◆ **Data shown**:

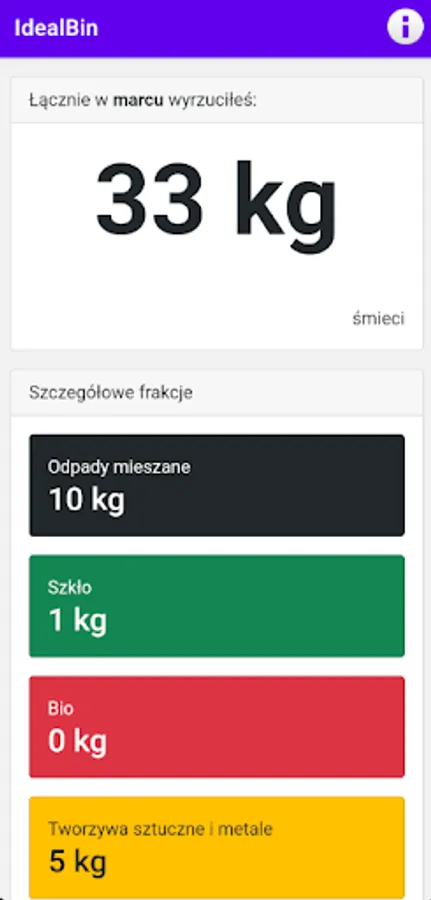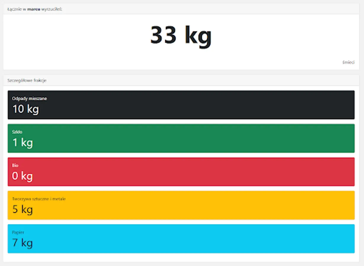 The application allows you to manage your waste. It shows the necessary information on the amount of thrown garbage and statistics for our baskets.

--

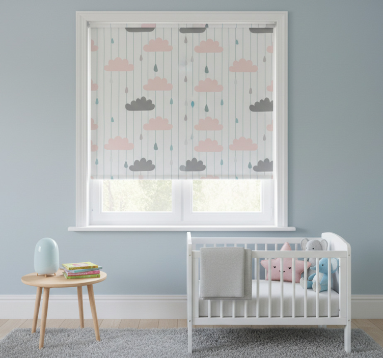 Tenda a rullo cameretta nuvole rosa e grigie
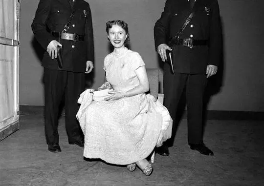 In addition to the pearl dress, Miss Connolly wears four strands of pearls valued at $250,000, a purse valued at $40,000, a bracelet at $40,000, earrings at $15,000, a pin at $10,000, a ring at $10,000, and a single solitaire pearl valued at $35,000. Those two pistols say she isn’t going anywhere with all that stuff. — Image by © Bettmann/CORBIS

◆ **Aim of the task**:
Set the pictures aside and transcribe exactly the stretch of lines above, beginning with the one holding "Tenda a rullo cameretta nuvole rosa e grigie" and ending with the one holding "In addition to".

◆ **Output below**:
 Tenda a rullo cameretta nuvole rosa e grigie
 In addition to the pearl dress, Miss Connolly wears four strands of pearls valued at $250,000, a purse valued at $40,000, a bracelet at $40,000, earrings at $15,000, a pin at $10,000, a ring at $10,000, and a single solitaire pearl valued at $35,000. Those two pistols say she isn’t going anywhere with all that stuff. — Image by © Bettmann/CORBIS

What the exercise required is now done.